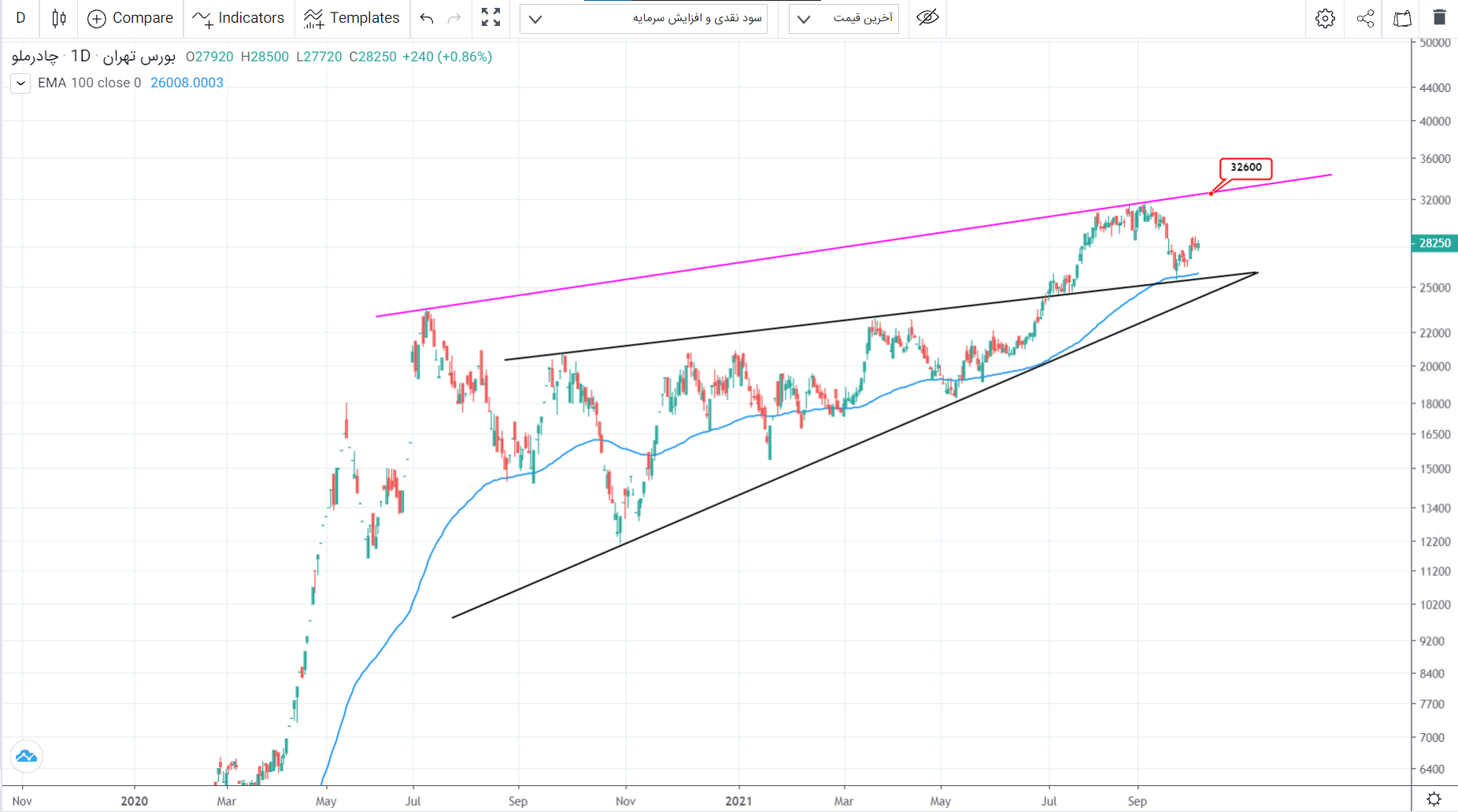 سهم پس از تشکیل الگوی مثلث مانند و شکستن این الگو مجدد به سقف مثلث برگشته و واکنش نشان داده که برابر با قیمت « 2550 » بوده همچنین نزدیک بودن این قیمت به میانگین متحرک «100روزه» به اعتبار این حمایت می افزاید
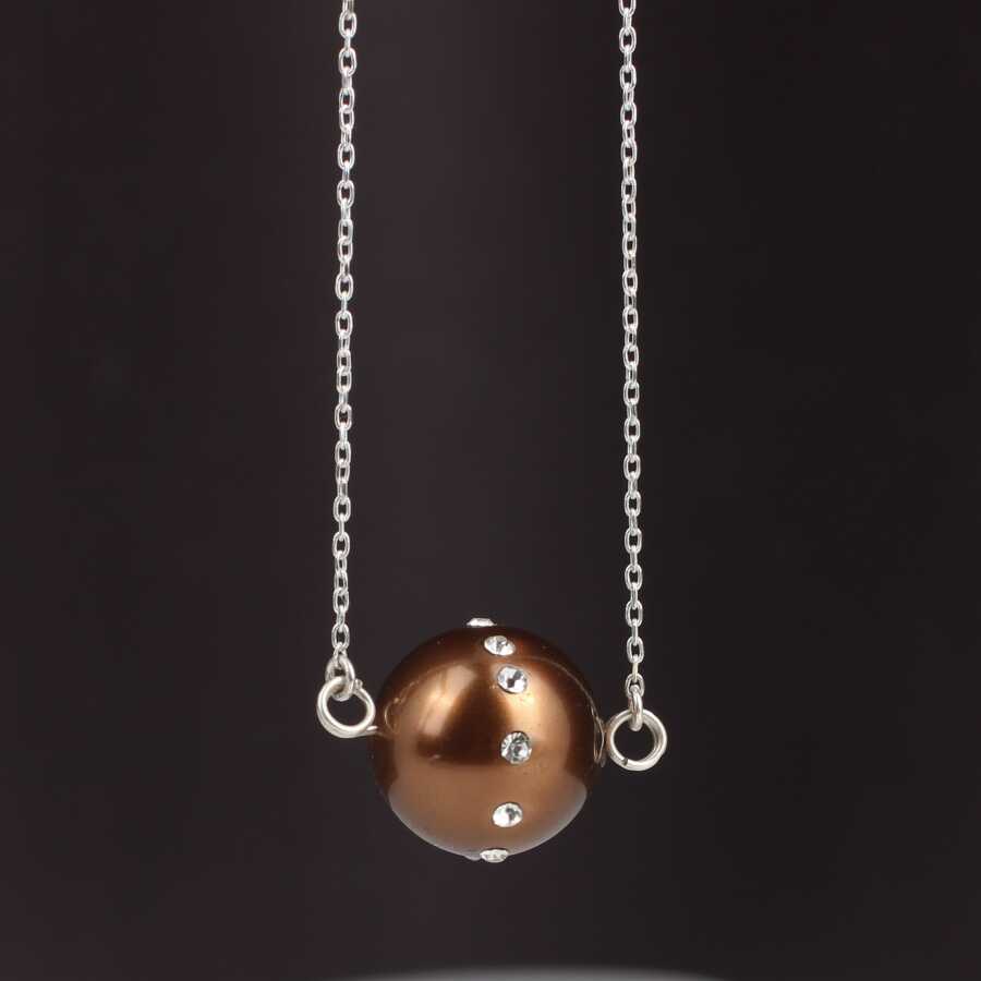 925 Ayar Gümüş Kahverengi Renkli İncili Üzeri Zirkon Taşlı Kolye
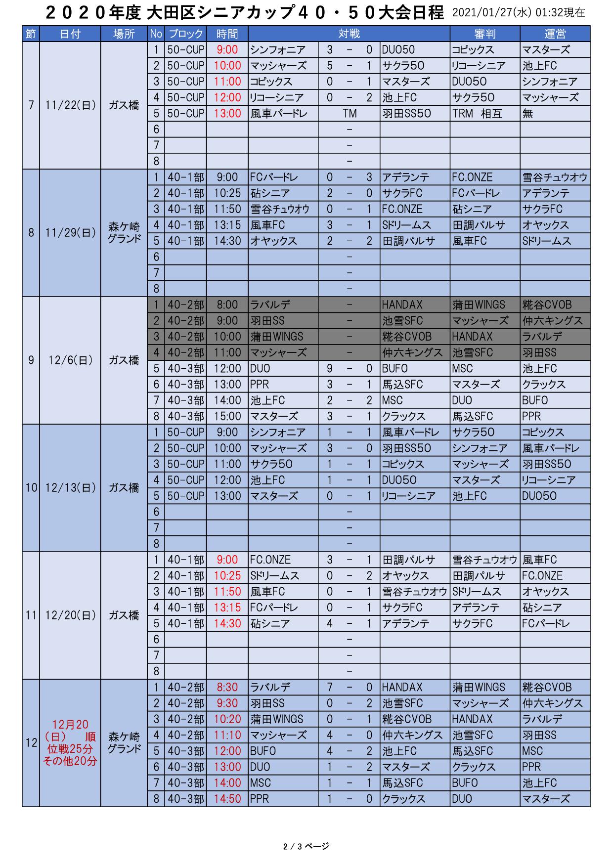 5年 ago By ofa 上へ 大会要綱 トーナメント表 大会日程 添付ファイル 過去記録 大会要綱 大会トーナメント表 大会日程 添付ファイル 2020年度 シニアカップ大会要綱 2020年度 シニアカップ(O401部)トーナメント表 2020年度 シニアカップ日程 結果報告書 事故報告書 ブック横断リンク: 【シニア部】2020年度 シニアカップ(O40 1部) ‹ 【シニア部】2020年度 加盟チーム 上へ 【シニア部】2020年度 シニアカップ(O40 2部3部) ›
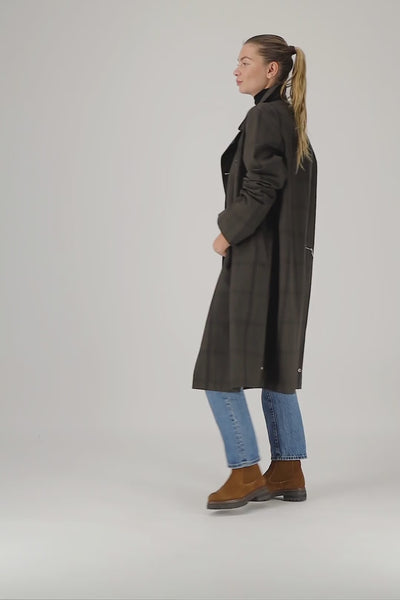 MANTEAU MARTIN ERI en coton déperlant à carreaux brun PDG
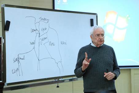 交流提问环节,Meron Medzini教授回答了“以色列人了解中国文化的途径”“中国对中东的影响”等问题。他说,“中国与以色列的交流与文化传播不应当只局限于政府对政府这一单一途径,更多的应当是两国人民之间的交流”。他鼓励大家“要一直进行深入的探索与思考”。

• [EXERCISE]:
Could you write the entries out again exactly, without their pictures?

• [RESPONSE]:
 سهم پس از تشکیل الگوی مثلث مانند و شکستن این الگو مجدد به سقف مثلث برگشته و واکنش نشان داده که برابر با قیمت « 2550 » بوده همچنین نزدیک بودن این قیمت به میانگین متحرک «100روزه» به اعتبار این حمایت می افزاید
 925 Ayar Gümüş Kahverengi Renkli İncili Üzeri Zirkon Taşlı Kolye
 5年 ago By ofa 上へ 大会要綱 トーナメント表 大会日程 添付ファイル 過去記録 大会要綱 大会トーナメント表 大会日程 添付ファイル 2020年度 シニアカップ大会要綱 2020年度 シニアカップ(O401部)トーナメント表 2020年度 シニアカップ日程 結果報告書 事故報告書 ブック横断リンク: 【シニア部】2020年度 シニアカップ(O40 1部) ‹ 【シニア部】2020年度 加盟チーム 上へ 【シニア部】2020年度 シニアカップ(O40 2部3部) ›
 MANTEAU MARTIN ERI en coton déperlant à carreaux brun PDG
 交流提问环节,Meron Medzini教授回答了“以色列人了解中国文化的途径”“中国对中东的影响”等问题。他说,“中国与以色列的交流与文化传播不应当只局限于政府对政府这一单一途径,更多的应当是两国人民之间的交流”。他鼓励大家“要一直进行深入的探索与思考”。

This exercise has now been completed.